Mas, em entrevista à Rede Record na noite desta terça-feira, Lula afirmou que não irá se intimidar com a greve de fome do bispo e lamentou a retomada do protesto.

“Eu lamento, lamento porque a primeira vez que ele esteve comigo dois anos atrás o que ele reivindicava era que nós fizéssemos a revitalização do rio São Francisco … Nunca houve a quantidade de investimentos que o governo federal está fazendo para recuperar o rio São Francisco”, disse Lula à emissora.

“O bispo me coloca numa situação complicada, porque eu tenho que escolher entre ele, que está fazendo uma greve de fome premeditada, e 12 milhões de nordestinos … que precisam da água para sobreviver. E não tenha dúvida que eu ficarei com os pobres deste país.”

Neste ano, o governo incluiu a transposição do São Francisco no seu Programa de Aceleração do Crescimento (PAC) e enviou o Exército para iniciar a obra, sem responder a uma carta enviada por Cappio em fevereiro a Lula.

“Para que eu interrompa o jejum é mediante essas duas exigências: primeiro, o arquivamento do projeto, e segundo, a retirada do Exército”, disse o bispo por telefone à Reuters.

Cappio, no passado companheiro de lutas do PT, enviou na terça-feira uma nova carta em termos duros ao presidente.

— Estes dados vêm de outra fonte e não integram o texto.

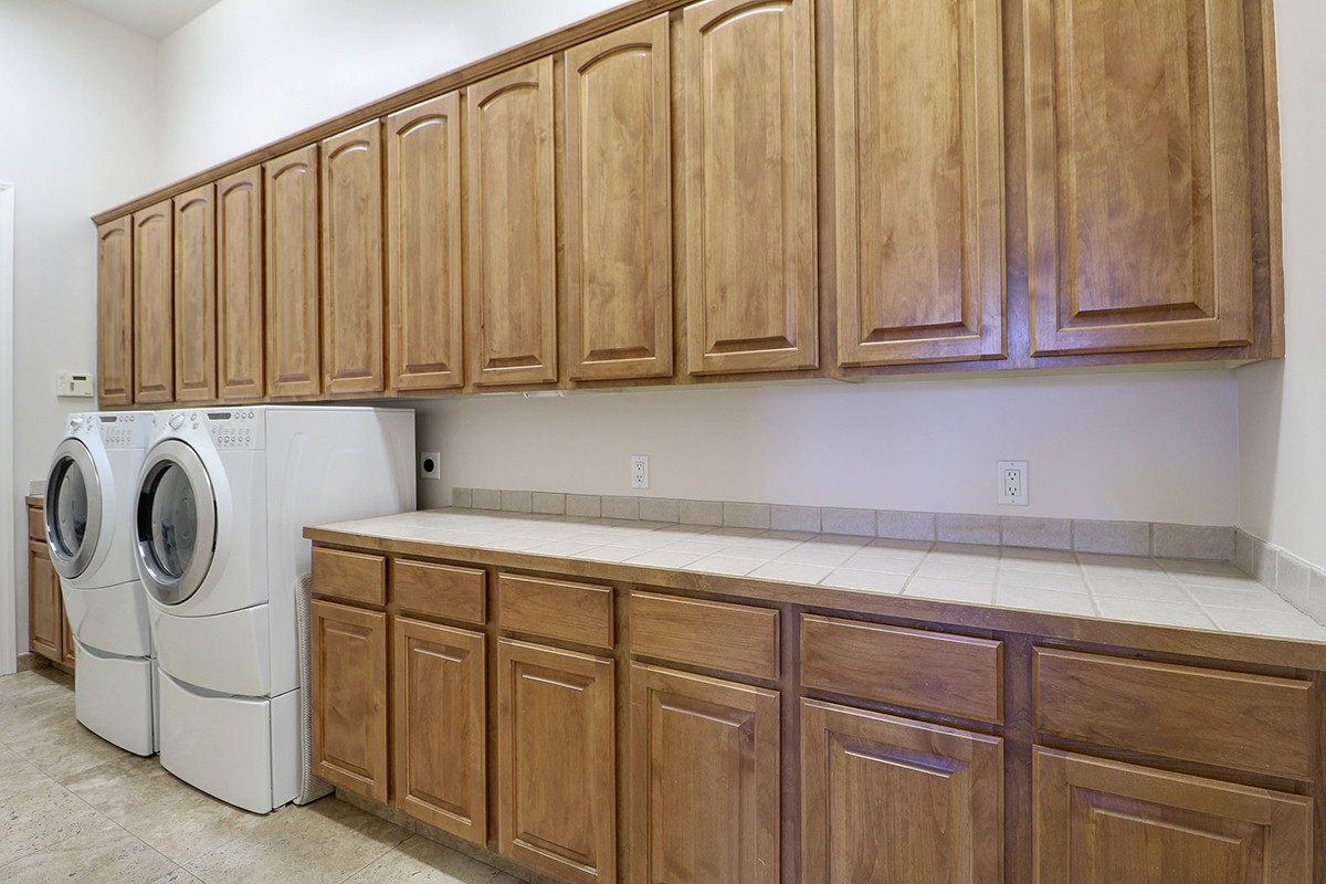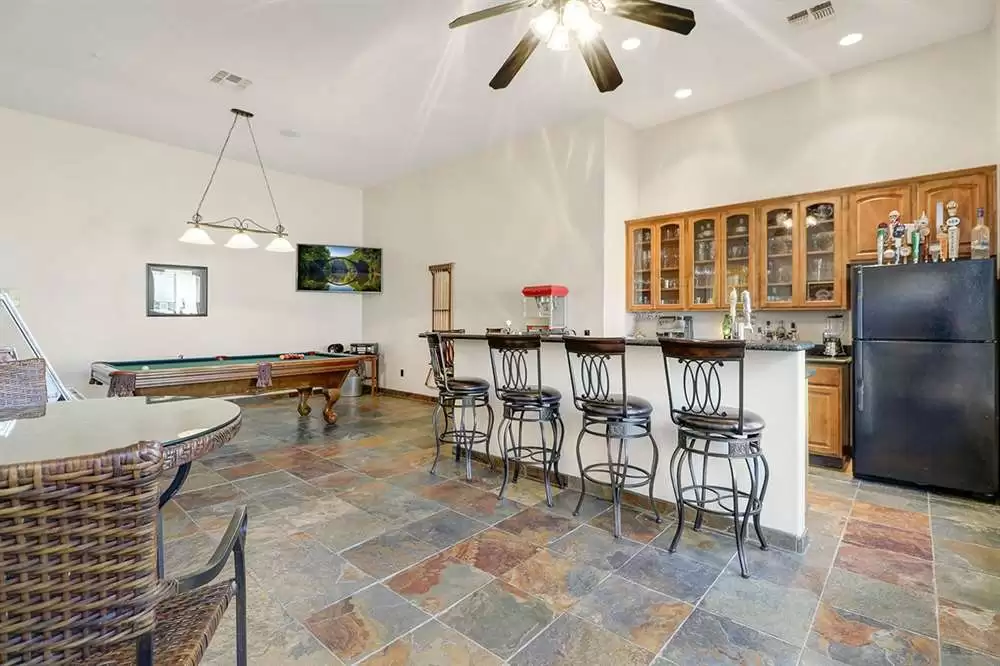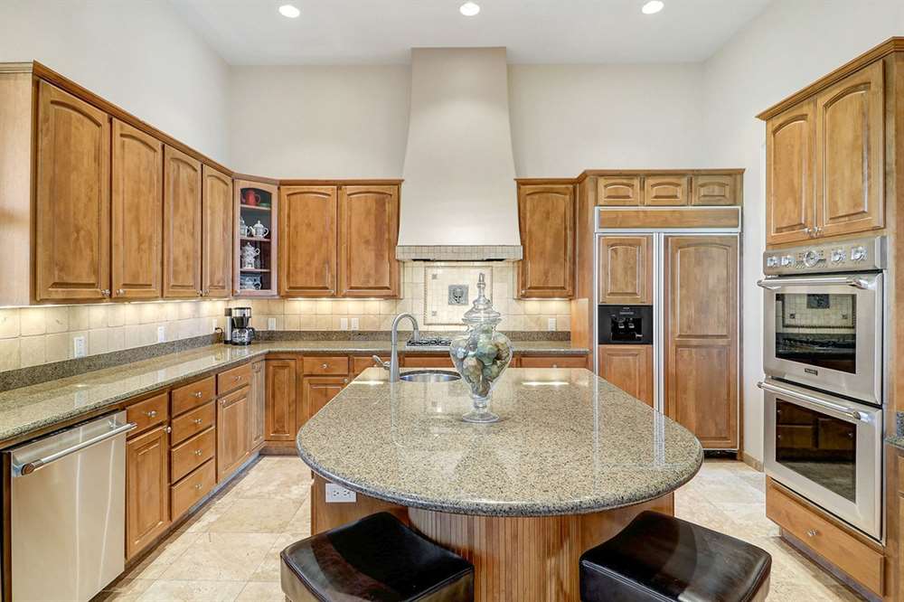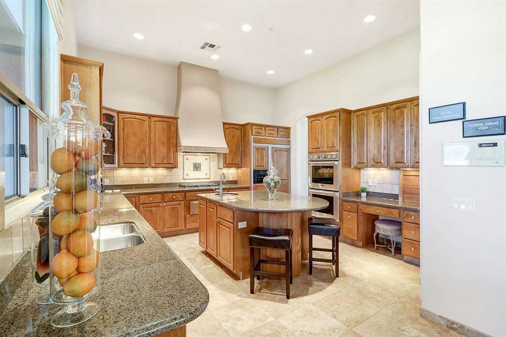 The interior has a formal entry and dining spaces with an open kitchen and family room. The master suite is on the same wing as the den/office and large bonus room with full bar and powder bath. The three guest suites are on the opposite wing and feature one private en-suite and two rooms sharing a jack and jill, all opening to the private play/bonus room.

“Até agora não obtivemos resposta”, disse o prelado. “Minha vida inteira foi na luta do PT. A vida inteira vesti a camisa do presidente, só que infelizmente, desde que ele chegou lá (ao poder), se esqueceu dos que estão do lado de cá”, completou.

Ele afirmou que não poderia aceitar que o rio, responsável pela subsistência de milhões de pessoas, fosse desviado “para transformar a água em benefício de alguns, em detrimento da vida de muitos”.

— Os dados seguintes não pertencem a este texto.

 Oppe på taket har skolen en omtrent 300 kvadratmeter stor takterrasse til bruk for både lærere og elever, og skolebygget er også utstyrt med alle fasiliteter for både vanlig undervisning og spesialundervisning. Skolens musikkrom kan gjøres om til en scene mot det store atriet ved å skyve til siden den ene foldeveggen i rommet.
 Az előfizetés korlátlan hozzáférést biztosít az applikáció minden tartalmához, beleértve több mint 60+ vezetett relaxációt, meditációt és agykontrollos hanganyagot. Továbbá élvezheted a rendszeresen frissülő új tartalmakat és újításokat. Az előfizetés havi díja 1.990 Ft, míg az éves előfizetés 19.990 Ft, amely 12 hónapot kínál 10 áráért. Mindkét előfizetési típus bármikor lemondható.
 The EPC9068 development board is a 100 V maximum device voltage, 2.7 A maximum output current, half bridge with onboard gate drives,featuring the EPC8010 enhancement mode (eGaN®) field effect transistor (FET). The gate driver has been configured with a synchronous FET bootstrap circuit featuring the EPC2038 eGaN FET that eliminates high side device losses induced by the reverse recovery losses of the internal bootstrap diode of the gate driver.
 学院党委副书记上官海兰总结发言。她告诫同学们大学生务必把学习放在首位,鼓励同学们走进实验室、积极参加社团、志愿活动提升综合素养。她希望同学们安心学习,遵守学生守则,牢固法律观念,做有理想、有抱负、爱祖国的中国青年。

Em sua nova carta, Cappio lembra as promessas do governo de debater o projeto, o que segundo ele não ocorreu. “O sr. não cumpriu sua palavra. O sr. não honrou nosso compromisso. Enganou a mim e à sociedade brasileira”, escreveu. “Portanto, retomo meu jejum e oração. E só será suspenso com a retirada do Exército das obras e o arquivamento definitivo.”

O bispo, como outros críticos do projeto, afirma que há outras propostas para levar água ao resto do Nordeste.

Roberto Malvezzi, da Comissão Pastoral da Terra (CPT), da Igreja Católica, disse que o bispo “está querendo fazer uma reflexão mais profunda para que a sociedade brasileira possa pensar na sua relação com os bens naturais”.

Em nota divulgada na noite de terça-feira, a Conferência Nacional dos Bispos do Brasil (CNBB) afirmou que “o Estado tem a responsabilidade de garantir à população o acesso à água de boa qualidade” e que “é preciso cuidar da revitalização do Rio São Francisco e do respeito ao direito à terra dos povos da região”.

A nota, que defende “um amplo diálogo sobre o tema”, informa ainda que o projeto de transposição do São Francisco “traz consigo muitas implicações, não havendo unanimidade nem mesmo na Igreja, o que julgamos perfeitamente compreensível”.

Cappio diz que vai “até o fim” com a greve de fome

O bispo de Barra (610 km de Salvador, BA), dom Luiz Flávio Cappio, 60, disse estar disposto a manter o jejum até a morte, “se for preciso”. Segundo ele, “o rio e o povo merecem”.

Em entrevista à Folha, por telefone, Cappio afirmou que “ninguém” concorda com seu protesto, por querê-lo vivo, mas diz que não recuará nem a pedido das instâncias superiores da igreja. Leia, a seguir, trechos da entrevista.

FOLHA – Qual o limite do protesto?
LUIZ FLÁVIO CAPPIO – Até o fim.

Até a morte?
Claro, se for preciso. O rio e o povo merecem.

O sr. consultou as instâncias superiores da igreja?
Consultei, sim, conversei, mas, na minha opinião, a gente é senhor da própria vida. Deus nos deu a vida para que ela seja doada. Ninguém está de acordo comigo, porque ninguém quer ver o irmão ser sacrificado, mas, se for preciso, eu estou aqui para essa prova.

Mesmo que as instâncias superiores proíbam, o sr. está disposto a manter a greve?
Estou, sim, vou levar adiante. Comuniquei a nunciatura apostólica, que representa o santo padre, comuniquei a CNBB, meu arcebispo, todos. E todos me aconselham: “frei Luiz, não faça isso”, porque têm muito amor e me querem vivo. Mas respeitam meu gesto.

Há espaço para negociação com o governo?
Não. Agora não vai ter barganha. Agora é uma posição definida.